Turkish model, actress and windsurfer

Çağla Kubat (/tr/; born 16 November 1979) is a Turkish actress, model, windsurfer and beauty pageant titleholder. She is member of Fenerbahçe sailing & windsurfing team.

She was born in İzmir. She graduated from Italian High School of Istanbul and Istanbul Technical University with a bachelor's degree in mechanical engineering. She was the first runner-up for the Miss Turkey 2002 beauty pageant and represented Turkey at Miss Universe 2002.

==Sports==
Çağla is also a champion windsurfer, having won the IFCA windsurfing European Slalom Championship in 2005, in Alaçatı. In 2006, in her first PWA (Professional Windsurfers Association) event, she placed 6th in IFCA Slalom World Championship.
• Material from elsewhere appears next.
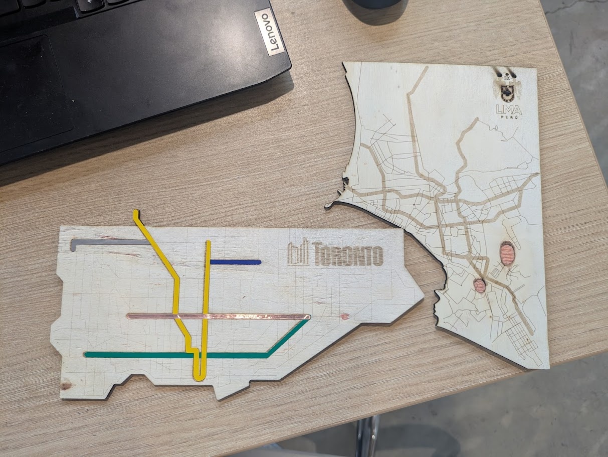 I have a Cricut Maker 3 in my classroom back in Toronto, so I'm not new to vinyl cutting, so I opted to mix mediums and create something that utilized the laser cutter, engraver AND vinyl cutting for maximum Fab Academy points. I had an idea to create cut outs of the transit maps for both Toronto (where I'm from) and Lima (where I'm living right now).

She founded her own windsurfing school "Çağla Kubat Windsurf Academy" in Alaçatı, İzmir Province. She ranked third in the women's category at the 2012 World Slalom Championship in Spain. In 2013, she became champion in the Master Female Slalom category of the IFCA Junior, Youth & Masters Slalom World Championships held in Alaçatı. She took the third rank at the 2013 World Cup.

==Acting==
She starred in successful leading female roles in two Turkish TV series to date. These are Sağır Oda ("The deaf room") in 2006 and Kuzey Rüzgarı ("The northern wind") with Kadir İnanır and Oktay Kaynarca. She also had a leading role on Arka Sokaklar from 2009 to 2011.

==Personal life==
Çağla Kubat married American surfer Jimmy Diaz on 21 September 2013.